= William Welles =

English statesman and judge in Ireland

Sir William Welles (1409/10 - 1461) was an English-born statesman and judge in fifteenth-century Ireland, who held the office of Lord Chancellor of Ireland. He was the younger brother of Lionel de Welles, 6th Baron Welles. Lionel was a prominent supporter of the House of Lancaster, who was killed at the Battle of Towton on 29 March 1461.

== Background ==
William was born in about 1409 or 1410, the second son of Eudo de Welles and Maud de Greystoke. His paternal grandparents were John de Welles, 5th Baron Welles and Eleanor de Mowbray. Eudo died before his father, and William's brother Lionel succeeded his grandfather as the sixth baron in 1421.

== Career ==
Lionel was appointed Lord Lieutenant of Ireland about 1438, and William accompanied him to Ireland, where he acted as his brother's deputy; he was appointed Deputy Lord Chancellor in 1454 and Lord Chancellor of Ireland in 1461. Unlike his brother he does not seem to have been particularly active on behalf of Henry VI, and despite Lionel's death, and the family's strong links to the House of Lancaster, he was still in office a year after the Battle of Towton, which brought about the final downfall of Henry VI. This suggests that the victorious King Edward IV, who was generally magnanimous towards his former opponents, provided that they were prepared to give their loyalty to him, took no action against him. He was killed at the Battle of Towton on 29 March 1461. His main residence was at Posseckstown, near Enfield, County Meath.

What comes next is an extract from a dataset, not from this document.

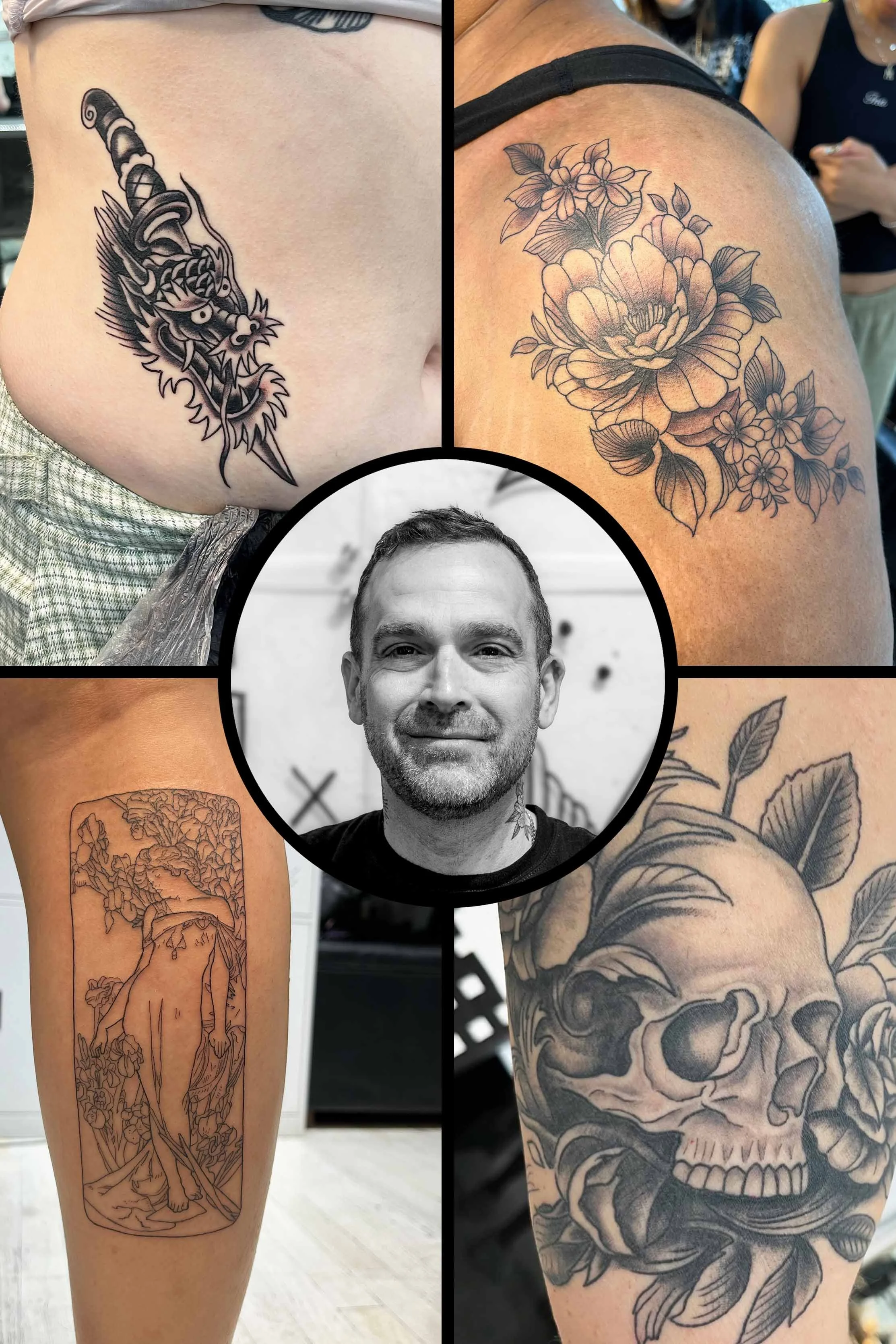 Adam Korothy specializes in Traditional, Neo-Traditional, Fine Line, Flash, Color, Cartoons, and Animal designs. With decades of experience, Adam’s portfolio is filled with strong and lasting tattoos that cross genre boundaries with an attention to each individual client’s custom needs. Check out their original flash book below or book your own custom piece today!

==Prior Thomas Fitzgerald==
The 1440s were an especially turbulent period for the Anglo-Irish government of Ireland, marked by bitter feuds and faction fighting, and it was almost impossible for any Irish public official to stand aside from these quarrels. Welles became drawn into a private war with Thomas Fitzgerald, the turbulent and litigious Prior of the Knights Hospitallers, whose Irish house was at Kilmainham. In 1441 William's brother Lionel charged the Prior with being an accessory to the ambush and kidnapping of William at Kilcock, County Kildare: the Prior was not accused of being a direct party to the crime, but two of his brothers were. Lionel, as Lord Lieutenant, demanded that the Prior be prosecuted and that all the Hospitallers' Irish possessions be seized, but Fitzgerald produced a royal pardon. William, who was still a prisoner, eventually secured his release after meeting certain demands of the Fitzgeralds. Lionel resigned in disgust the following year and returned to England. Fitzgerald was removed from office in 1447, not on account of his treatment of Welles but because of his bitter feud with the powerful Irish magnate James Butler, 4th Earl of Ormonde.

== Family ==
William married Anne Barnewall, of the prominent landowning Barnewall family of Crickstown, County Meath. There are references in different sources to a son and three daughters. Little is known of his son, who seems to have died young and without issue: the daughters were -

1. Elizabeth (died 1506): she married firstly Christopher Plunket, second Baron Killeen, and secondly James Fleming, 7th Baron Slane, and had at least three children:

-by her first husband two daughters:

- Genet, who married Nicholas St Lawrence, 4th Baron Howth;
- Elizabeth, who married John Darcy IV of Platten and was the mother of Sir William Darcy;

-and by her second husband:
- Christopher Fleming, 8th Baron Slane.
- Eleanor Fleming, who married Edmund Plunkett, 3rd Baron Killeen

2. Ismay, who married Thomas Nangle, 15th Baron of Navan and had issue including:
- John Nangle, 16th Baron of Navan

3. Catherine, who married Walter Cheevers (or Chevir) of Ballyhealy, County Wexford and Macetown, County Meath, son of William Chevir, judge of the Court of King's Bench (Ireland), and issue including:
- Sir Nicholas Cheevers;
- Elizabeth, who married into the prominent Ussher family of Donnybrook, County Dublin;
- Margaret, who married Bartholomew Aylmer and was the mother of Sir Gerald Aylmer.

His wife Anne was dead by 1476: she was described as being the former wife of John Darcy of Platten, possibly the father of John IV who married her granddaughter.